## [Data segment]
━━━

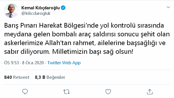 CHP Genel Başkanı Kılıçdaroğlu sosyal medya hesabından açıklamada bulundu. Bombalı saldırıda şehit olan 4 askerle ilgili Kılıçdaroğlu, “Barış Pınarı Harekat Bölgesi’nde yol kontrolü sırasında meydana gelen bombalı araç saldırısı sonucu şehit olan askerlerimize Allah'tan rahmet, ailelerine başsağlığı ve sabır diliyorum. Milletimizin başı sağ olsun!” ifadelerini kullandı.
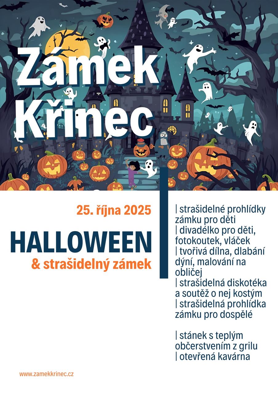 Celodenní program plný prohlídek pavučinami opředeného zámkupro děti i dospělé, strašidelné dílničky, dlabání dýní, soutěž o nejoriginálnější kostým či vrchol dne – STRAŠIDELNÁ DĚTSKÁ DISKOTÉKA, to vše najnete u nás! 🙂
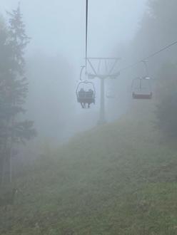 Am Samstag, den 13. Mai am frühen Morgen war die Vorfreude schon groß, auch wenn die Aussicht aufs Wetter nichts Gutes ahnen ließ: Im dichten Nebel konnte man den Sessel vor sich kaum sehen – das hat aber die Stimmung am Tag der Jubiläumsfeier kein bisschen getrübt! Denn diejenigen Gäste, die da waren, haben den Weg nach oben gefunden: Schon seit einem halben Jahrhundert befördert die Hochplattenbahn ihre Fahrgäste verlässlich vom Tal rauf auf den Berg (und natürlich auch wieder runter).

━━━

## [Your goal]
The lines running from the beginning of the listing above through the line that holds "Celodenní program plný" are to be duplicated exactly, both ends kept, pictures omitted.

## [Expected output]
 CHP Genel Başkanı Kılıçdaroğlu sosyal medya hesabından açıklamada bulundu. Bombalı saldırıda şehit olan 4 askerle ilgili Kılıçdaroğlu, “Barış Pınarı Harekat Bölgesi’nde yol kontrolü sırasında meydana gelen bombalı araç saldırısı sonucu şehit olan askerlerimize Allah'tan rahmet, ailelerine başsağlığı ve sabır diliyorum. Milletimizin başı sağ olsun!” ifadelerini kullandı.
 Celodenní program plný prohlídek pavučinami opředeného zámkupro děti i dospělé, strašidelné dílničky, dlabání dýní, soutěž o nejoriginálnější kostým či vrchol dne – STRAŠIDELNÁ DĚTSKÁ DISKOTÉKA, to vše najnete u nás! 🙂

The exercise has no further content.